> [WHAT THE TASK REQUIRES] Reproduction of part of the material below, pictures omitted: copy exactly, and only, the lines starting with the one with "Эти шлёпанцы Answear.LAB" and going on through the one with "Pulverbeschichteter Türbeschlag aus".

> [PROVIDED DATA]
※ ※ ※

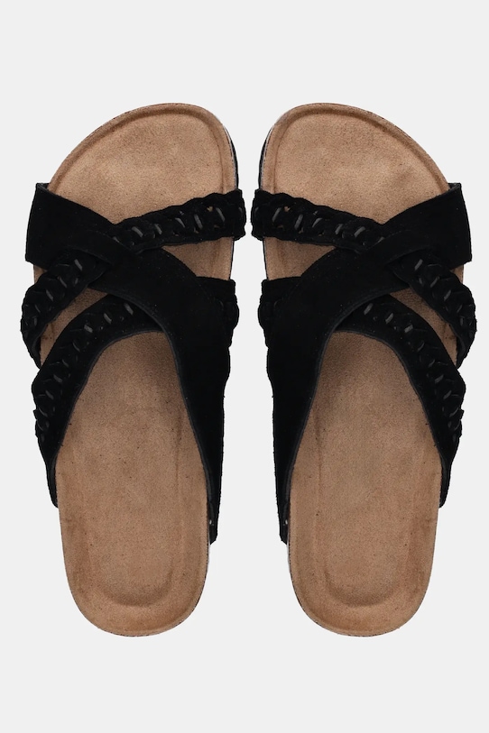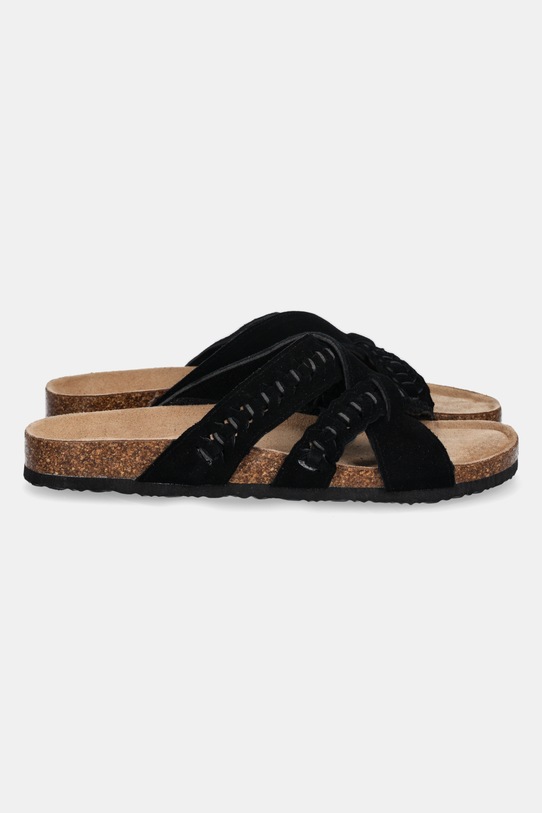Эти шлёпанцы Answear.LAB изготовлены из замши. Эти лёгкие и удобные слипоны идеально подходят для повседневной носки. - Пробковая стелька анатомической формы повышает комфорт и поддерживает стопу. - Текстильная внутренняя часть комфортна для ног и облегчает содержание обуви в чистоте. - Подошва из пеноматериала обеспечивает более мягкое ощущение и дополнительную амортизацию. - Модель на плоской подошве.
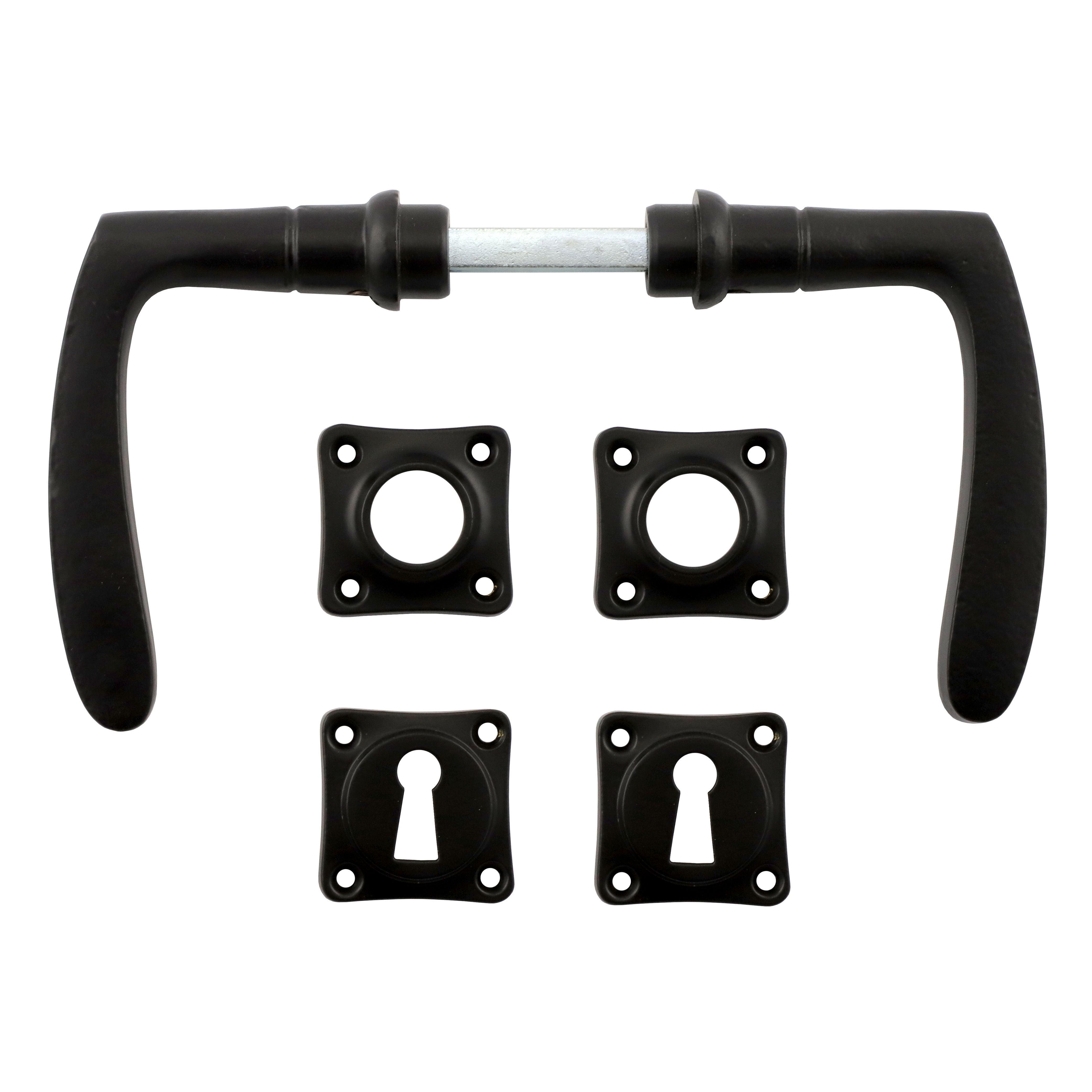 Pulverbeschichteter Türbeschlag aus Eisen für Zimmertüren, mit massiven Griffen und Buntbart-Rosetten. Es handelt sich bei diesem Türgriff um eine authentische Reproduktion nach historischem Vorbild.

※ ※ ※

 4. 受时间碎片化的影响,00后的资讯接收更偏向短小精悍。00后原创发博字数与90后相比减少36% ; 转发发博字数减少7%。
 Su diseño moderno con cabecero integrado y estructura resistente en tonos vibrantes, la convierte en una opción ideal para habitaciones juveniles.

※ ※ ※

> [RESPONSE BOX]
Эти шлёпанцы Answear.LAB изготовлены из замши. Эти лёгкие и удобные слипоны идеально подходят для повседневной носки. - Пробковая стелька анатомической формы повышает комфорт и поддерживает стопу. - Текстильная внутренняя часть комфортна для ног и облегчает содержание обуви в чистоте. - Подошва из пеноматериала обеспечивает более мягкое ощущение и дополнительную амортизацию. - Модель на плоской подошве.
 Pulverbeschichteter Türbeschlag aus Eisen für Zimmertüren, mit massiven Griffen und Buntbart-Rosetten. Es handelt sich bei diesem Türgriff um eine authentische Reproduktion nach historischem Vorbild.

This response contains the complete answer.